TASK BRIEF
Only the pictures are to be omitted; everything else in the listing must be reproduced exactly.

RECORDED DATA

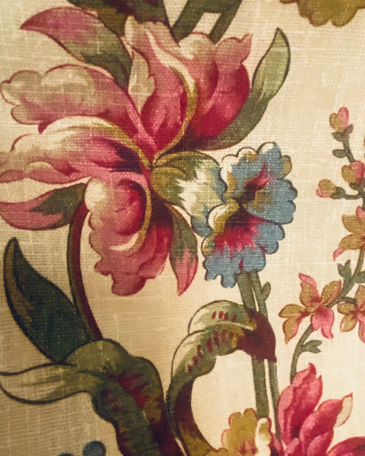 A beautiful Designer Novelty 100% Linen fabric with a gorgeous floral motif. Exquisite! The background is natural. Can be used for interior decorating or fashion. Sold by the yard. 55” wide.
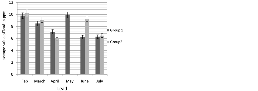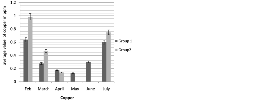 Figure 2. Variation of the average content of heavy metals. Group 1: the size of mussel “Mytilusgalloprovincialis” between 45mm and 70 mm; Group 2: the size of mussel “Mytilus galloprovincialis” between 20 mm and 44 mm.
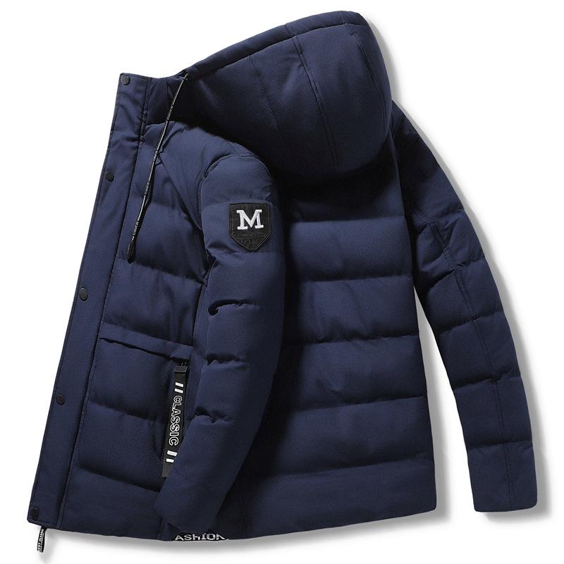Мужская хлопковая куртка с капюшоном, зимняя флисовая утолщенная хлопковая одежда, теплая мужская молодежная хлопковая одежда 5XL темно-синий
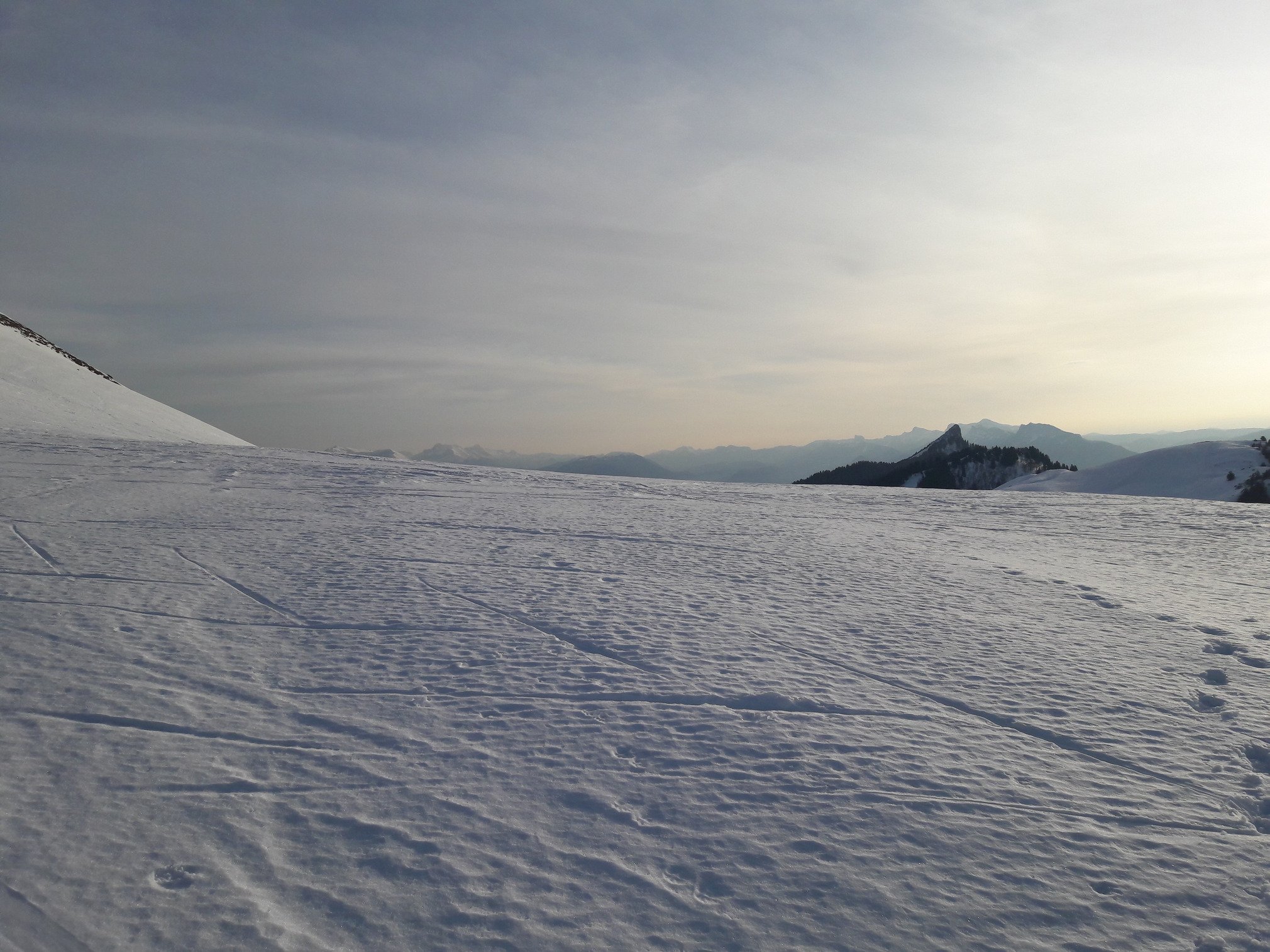 Neige transformée, toutes les saisons y étaient mais un beau soleil qui la rend skiable, et le SILENCE dont on rève parfois dans l'agglo.

EXERCISE SOLUTION
 A beautiful Designer Novelty 100% Linen fabric with a gorgeous floral motif. Exquisite! The background is natural. Can be used for interior decorating or fashion. Sold by the yard. 55” wide.
 Figure 2. Variation of the average content of heavy metals. Group 1: the size of mussel “Mytilusgalloprovincialis” between 45mm and 70 mm; Group 2: the size of mussel “Mytilus galloprovincialis” between 20 mm and 44 mm.
Мужская хлопковая куртка с капюшоном, зимняя флисовая утолщенная хлопковая одежда, теплая мужская молодежная хлопковая одежда 5XL темно-синий
 Neige transformée, toutes les saisons y étaient mais un beau soleil qui la rend skiable, et le SILENCE dont on rève parfois dans l'agglo.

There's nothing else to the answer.